▶ [Exercise description]:
Every line from the one with "Tomás Henriques Mecuaila" to the one with "Weight: 705 lbs.", including those two, is to be copied exactly; all other lines of the entries below are left out.

▶ [Provided information]:

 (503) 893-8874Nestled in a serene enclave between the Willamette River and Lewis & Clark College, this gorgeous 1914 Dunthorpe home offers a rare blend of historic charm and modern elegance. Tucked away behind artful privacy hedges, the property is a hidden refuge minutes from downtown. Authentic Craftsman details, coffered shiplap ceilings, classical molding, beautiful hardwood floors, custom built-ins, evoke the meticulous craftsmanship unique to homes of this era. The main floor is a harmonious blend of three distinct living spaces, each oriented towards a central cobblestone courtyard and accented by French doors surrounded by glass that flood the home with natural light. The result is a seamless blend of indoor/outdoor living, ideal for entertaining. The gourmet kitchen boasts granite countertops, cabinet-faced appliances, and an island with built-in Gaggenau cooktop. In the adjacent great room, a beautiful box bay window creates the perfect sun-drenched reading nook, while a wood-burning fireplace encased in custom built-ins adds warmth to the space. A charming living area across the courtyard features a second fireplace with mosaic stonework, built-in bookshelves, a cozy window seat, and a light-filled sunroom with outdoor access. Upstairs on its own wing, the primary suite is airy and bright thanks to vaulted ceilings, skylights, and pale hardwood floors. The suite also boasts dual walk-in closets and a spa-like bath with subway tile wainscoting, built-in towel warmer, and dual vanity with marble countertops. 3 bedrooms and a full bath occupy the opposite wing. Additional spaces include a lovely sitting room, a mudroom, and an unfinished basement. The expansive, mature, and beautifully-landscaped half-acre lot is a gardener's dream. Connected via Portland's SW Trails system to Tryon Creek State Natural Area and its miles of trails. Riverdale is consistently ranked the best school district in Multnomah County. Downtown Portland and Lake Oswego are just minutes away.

---

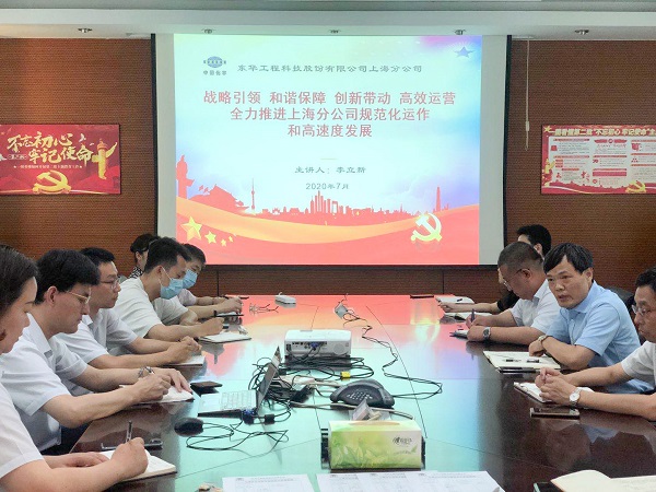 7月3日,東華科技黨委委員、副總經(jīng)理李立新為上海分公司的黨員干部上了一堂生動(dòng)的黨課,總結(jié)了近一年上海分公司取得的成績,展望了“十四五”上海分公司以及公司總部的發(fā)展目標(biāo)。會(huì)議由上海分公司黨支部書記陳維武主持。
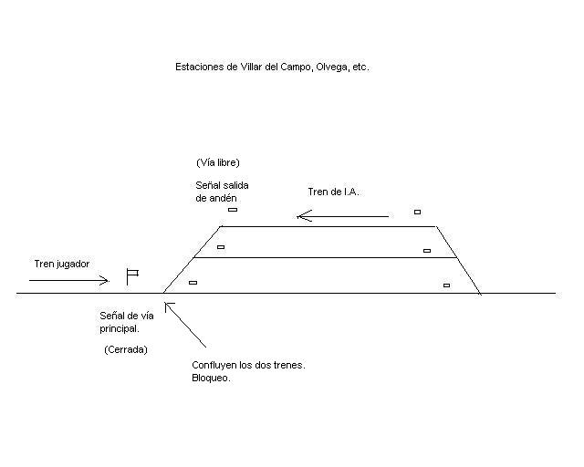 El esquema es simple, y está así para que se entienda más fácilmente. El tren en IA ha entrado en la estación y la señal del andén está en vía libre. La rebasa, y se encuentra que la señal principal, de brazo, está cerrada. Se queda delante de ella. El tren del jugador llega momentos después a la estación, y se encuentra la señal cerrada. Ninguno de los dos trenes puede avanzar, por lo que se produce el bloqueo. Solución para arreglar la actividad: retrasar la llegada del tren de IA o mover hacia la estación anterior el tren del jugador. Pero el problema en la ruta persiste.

==

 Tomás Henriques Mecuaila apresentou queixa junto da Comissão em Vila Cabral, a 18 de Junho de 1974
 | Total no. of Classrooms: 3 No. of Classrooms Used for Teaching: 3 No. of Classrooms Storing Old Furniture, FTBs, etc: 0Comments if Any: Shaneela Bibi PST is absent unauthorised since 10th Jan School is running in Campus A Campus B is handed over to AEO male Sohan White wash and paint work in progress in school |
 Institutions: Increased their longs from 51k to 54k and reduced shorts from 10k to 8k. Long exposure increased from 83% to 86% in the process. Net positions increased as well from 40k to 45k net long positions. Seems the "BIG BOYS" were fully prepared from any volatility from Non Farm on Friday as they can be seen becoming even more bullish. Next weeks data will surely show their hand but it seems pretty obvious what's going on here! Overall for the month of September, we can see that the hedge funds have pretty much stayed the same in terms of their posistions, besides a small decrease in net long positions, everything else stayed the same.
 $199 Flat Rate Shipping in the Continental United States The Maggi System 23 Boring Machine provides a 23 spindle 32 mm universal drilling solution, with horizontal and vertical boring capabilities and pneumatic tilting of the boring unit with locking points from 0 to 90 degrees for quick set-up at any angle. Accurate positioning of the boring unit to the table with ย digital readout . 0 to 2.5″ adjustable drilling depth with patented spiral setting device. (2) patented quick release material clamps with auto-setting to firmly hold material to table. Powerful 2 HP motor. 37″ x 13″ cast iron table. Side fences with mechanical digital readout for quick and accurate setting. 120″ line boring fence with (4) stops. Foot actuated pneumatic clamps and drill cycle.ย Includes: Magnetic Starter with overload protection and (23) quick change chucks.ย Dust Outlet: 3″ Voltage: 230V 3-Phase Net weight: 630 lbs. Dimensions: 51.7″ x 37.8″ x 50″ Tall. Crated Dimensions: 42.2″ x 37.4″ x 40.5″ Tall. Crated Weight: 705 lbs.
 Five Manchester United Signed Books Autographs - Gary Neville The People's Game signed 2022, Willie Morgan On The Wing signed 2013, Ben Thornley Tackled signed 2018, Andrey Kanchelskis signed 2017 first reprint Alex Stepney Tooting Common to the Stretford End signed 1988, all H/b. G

▶ [Reply to the exercise]:
 Tomás Henriques Mecuaila apresentou queixa junto da Comissão em Vila Cabral, a 18 de Junho de 1974
 | Total no. of Classrooms: 3 No. of Classrooms Used for Teaching: 3 No. of Classrooms Storing Old Furniture, FTBs, etc: 0Comments if Any: Shaneela Bibi PST is absent unauthorised since 10th Jan School is running in Campus A Campus B is handed over to AEO male Sohan White wash and paint work in progress in school |
 Institutions: Increased their longs from 51k to 54k and reduced shorts from 10k to 8k. Long exposure increased from 83% to 86% in the process. Net positions increased as well from 40k to 45k net long positions. Seems the "BIG BOYS" were fully prepared from any volatility from Non Farm on Friday as they can be seen becoming even more bullish. Next weeks data will surely show their hand but it seems pretty obvious what's going on here! Overall for the month of September, we can see that the hedge funds have pretty much stayed the same in terms of their posistions, besides a small decrease in net long positions, everything else stayed the same.
 $199 Flat Rate Shipping in the Continental United States The Maggi System 23 Boring Machine provides a 23 spindle 32 mm universal drilling solution, with horizontal and vertical boring capabilities and pneumatic tilting of the boring unit with locking points from 0 to 90 degrees for quick set-up at any angle. Accurate positioning of the boring unit to the table with ย digital readout . 0 to 2.5″ adjustable drilling depth with patented spiral setting device. (2) patented quick release material clamps with auto-setting to firmly hold material to table. Powerful 2 HP motor. 37″ x 13″ cast iron table. Side fences with mechanical digital readout for quick and accurate setting. 120″ line boring fence with (4) stops. Foot actuated pneumatic clamps and drill cycle.ย Includes: Magnetic Starter with overload protection and (23) quick change chucks.ย Dust Outlet: 3″ Voltage: 230V 3-Phase Net weight: 630 lbs. Dimensions: 51.7″ x 37.8″ x 50″ Tall. Crated Dimensions: 42.2″ x 37.4″ x 40.5″ Tall. Crated Weight: 705 lbs.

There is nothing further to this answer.